磷石膏是湿法磷酸过程形成的固体副产物。磷石膏中含有磷、氟、硅等有害杂质组分，极大影响磷石膏制品的质量和性能，巨量磷石膏堆存严重威胁生态环境和生命安全。确定磷石膏中杂质物相的赋存状态，为磷石膏除杂净化和综合利用提供理论指导，非常重要。以低温干燥后的磷石膏为研究对象，利用X射线荧光光谱（XRF）分析确定磷石膏中杂质元素的组成，结果表明，磷石膏中的杂质元素含量较高的有P，Si，F和Al，含量较低的有Ba，Fe和Mg等。因二水硫酸钙物相强峰对杂质物相峰有较强遮蔽作用，X射线衍射光谱（XRD）分析不能确定磷石膏杂质的物相。利用扫描电子显微镜对磷石膏进行电子背散射衍射（EBSD）分析，根据被检样品衬度的区别探明磷石膏的杂质物相，利用X射线能谱分析（EDS）成分确定杂质物相组成；利用X射线光电子能谱（XPS）对硫酸钙晶体表面以及混合杂质物相作进一步分析。EBSD分析结果表明，磷石膏中杂质物相主要包括二氧化硅、氟硅酸钠、氟硅酸钾、氟磷酸钙、氟化钙、硫酸钡、硫化铁、三氧化二铝等，此外还有硅、铝、磷、氟等杂质混合组成的复盐物相，其中二氧化硅、硫酸钡、硫化铁、氟磷酸钙和三氧化二铝为独立赋存物相，氟硅酸钠和氟硅酸钾的物相则混合分布在硫酸钙晶体之间，氟化钙杂质与硅、铝、磷、氟杂质复盐物相结合赋存。
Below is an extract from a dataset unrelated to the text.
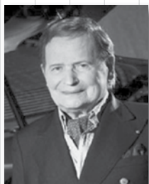
Byron Janis pianist

XPS分析结果表明，磷石膏中还存在硅酸钙、氟化铝、氟化镁、硫酸铝、磷酸铝、磷酸钙、磷酸氢钙和磷酸二氢钙等物相，其中磷酸钙、磷酸氢钙、磷酸二氢钙和氟磷酸钙四种物相的特征峰位分布极为接近。采用EBSD-XPS组合分析方法，不仅确定了磷石膏中杂质的物相，还阐明了杂质物相与硫酸钙晶体之间的构效关系。该研究为磷石膏杂质物相分析提供新途径，为磷石膏除杂净化及其综合利用提供坚实的理论依据。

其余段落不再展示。